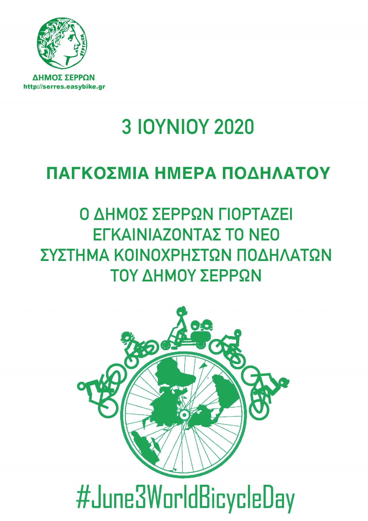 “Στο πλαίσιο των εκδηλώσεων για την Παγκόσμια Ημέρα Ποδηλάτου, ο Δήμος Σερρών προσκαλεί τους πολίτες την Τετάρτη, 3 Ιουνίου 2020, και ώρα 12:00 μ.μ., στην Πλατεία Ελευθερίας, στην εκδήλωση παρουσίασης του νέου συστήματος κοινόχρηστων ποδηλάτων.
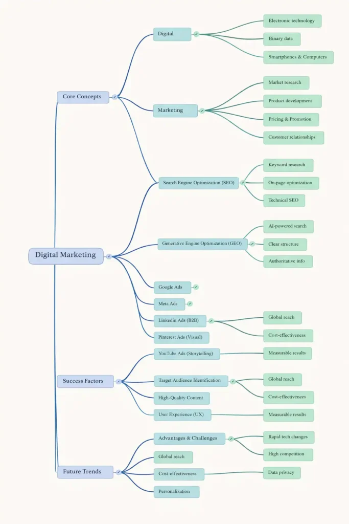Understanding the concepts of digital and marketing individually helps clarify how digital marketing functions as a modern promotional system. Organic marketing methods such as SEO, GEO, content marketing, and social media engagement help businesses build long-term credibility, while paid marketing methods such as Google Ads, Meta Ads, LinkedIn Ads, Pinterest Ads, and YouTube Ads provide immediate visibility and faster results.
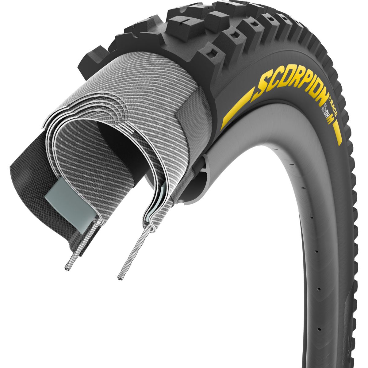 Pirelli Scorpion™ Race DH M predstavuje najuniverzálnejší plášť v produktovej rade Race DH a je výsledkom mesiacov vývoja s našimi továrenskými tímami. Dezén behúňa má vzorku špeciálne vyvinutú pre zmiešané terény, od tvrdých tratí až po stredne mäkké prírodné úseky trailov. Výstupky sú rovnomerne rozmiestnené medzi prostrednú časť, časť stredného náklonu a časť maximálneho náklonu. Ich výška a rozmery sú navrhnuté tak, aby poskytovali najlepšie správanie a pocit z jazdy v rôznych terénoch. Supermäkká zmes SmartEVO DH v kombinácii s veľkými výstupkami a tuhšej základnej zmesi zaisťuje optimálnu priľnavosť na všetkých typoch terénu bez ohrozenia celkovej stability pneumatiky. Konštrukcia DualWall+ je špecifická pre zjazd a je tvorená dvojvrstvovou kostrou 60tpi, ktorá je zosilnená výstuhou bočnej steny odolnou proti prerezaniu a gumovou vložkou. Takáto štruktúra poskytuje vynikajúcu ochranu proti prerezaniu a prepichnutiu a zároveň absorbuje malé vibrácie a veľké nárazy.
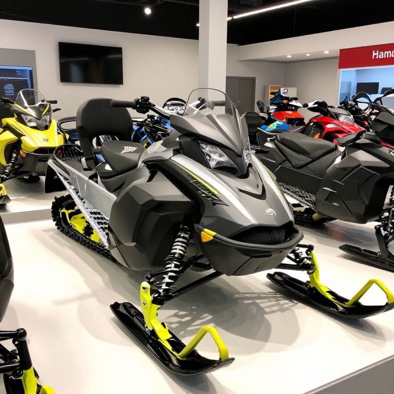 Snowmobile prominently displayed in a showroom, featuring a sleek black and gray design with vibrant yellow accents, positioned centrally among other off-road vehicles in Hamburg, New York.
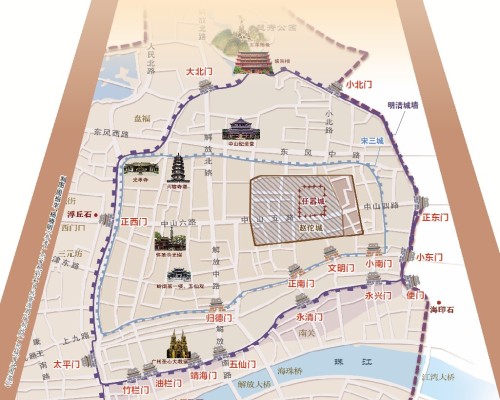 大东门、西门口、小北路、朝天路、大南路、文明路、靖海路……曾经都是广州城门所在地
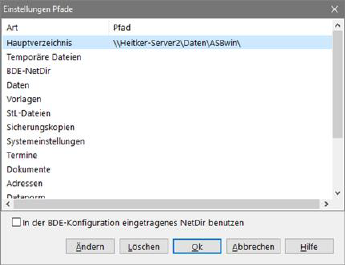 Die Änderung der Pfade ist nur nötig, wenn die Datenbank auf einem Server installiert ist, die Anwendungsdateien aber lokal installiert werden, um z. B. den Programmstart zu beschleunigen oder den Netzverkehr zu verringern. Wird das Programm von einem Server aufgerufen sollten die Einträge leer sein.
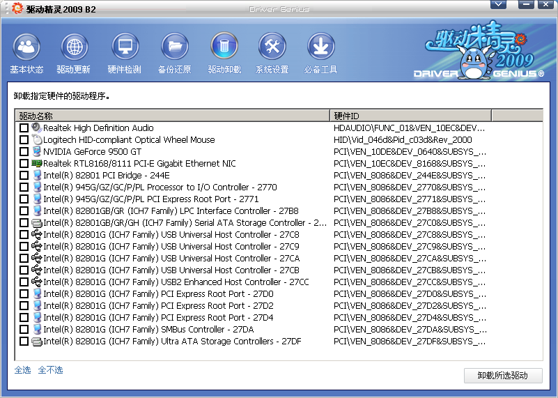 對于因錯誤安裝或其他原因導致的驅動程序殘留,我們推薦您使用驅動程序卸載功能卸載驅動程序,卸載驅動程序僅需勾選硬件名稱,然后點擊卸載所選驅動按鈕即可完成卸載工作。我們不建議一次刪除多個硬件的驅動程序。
....
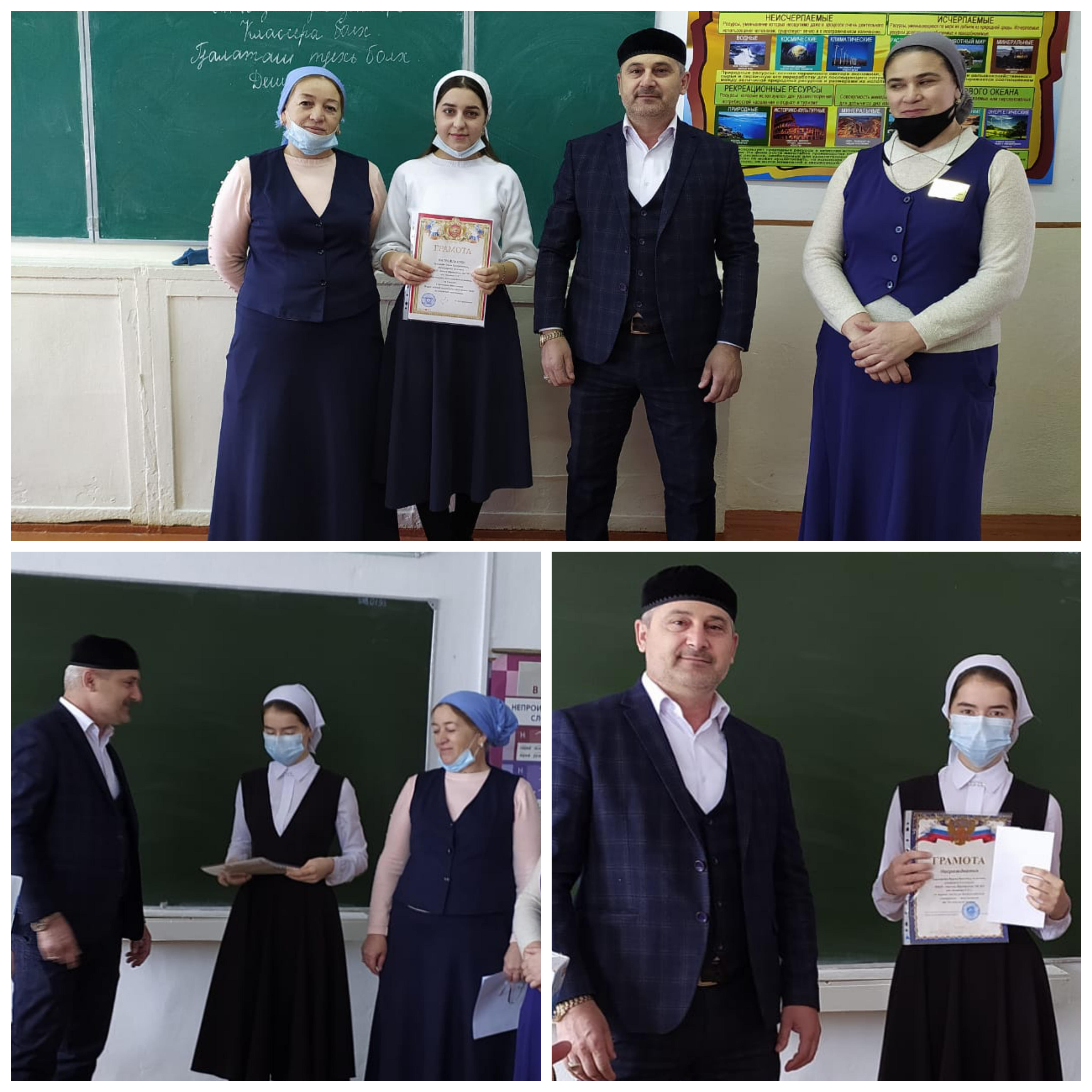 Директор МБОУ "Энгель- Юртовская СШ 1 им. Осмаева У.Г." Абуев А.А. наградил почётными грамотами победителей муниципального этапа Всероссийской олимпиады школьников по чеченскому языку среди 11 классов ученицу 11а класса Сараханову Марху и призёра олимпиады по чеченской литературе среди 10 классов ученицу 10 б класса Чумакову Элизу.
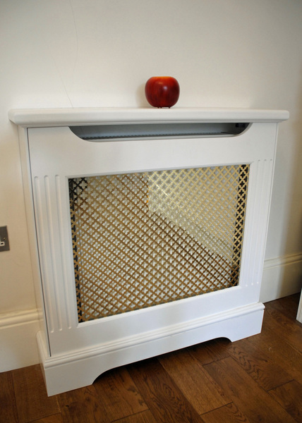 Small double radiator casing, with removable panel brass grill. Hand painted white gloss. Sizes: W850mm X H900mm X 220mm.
....
» INSTRUCTIONS FOR THE TASK: Extract the part of the records that opens with the line containing "συστήματος κοινόχρηστων ποδηλάτων." and closes with the line containing "Understanding the concepts". Take only those lines, exactly, and no pictures.

» SOLUTION TO THIS EXERCISE:
 “Στο πλαίσιο των εκδηλώσεων για την Παγκόσμια Ημέρα Ποδηλάτου, ο Δήμος Σερρών προσκαλεί τους πολίτες την Τετάρτη, 3 Ιουνίου 2020, και ώρα 12:00 μ.μ., στην Πλατεία Ελευθερίας, στην εκδήλωση παρουσίασης του νέου συστήματος κοινόχρηστων ποδηλάτων.
Understanding the concepts of digital and marketing individually helps clarify how digital marketing functions as a modern promotional system. Organic marketing methods such as SEO, GEO, content marketing, and social media engagement help businesses build long-term credibility, while paid marketing methods such as Google Ads, Meta Ads, LinkedIn Ads, Pinterest Ads, and YouTube Ads provide immediate visibility and faster results.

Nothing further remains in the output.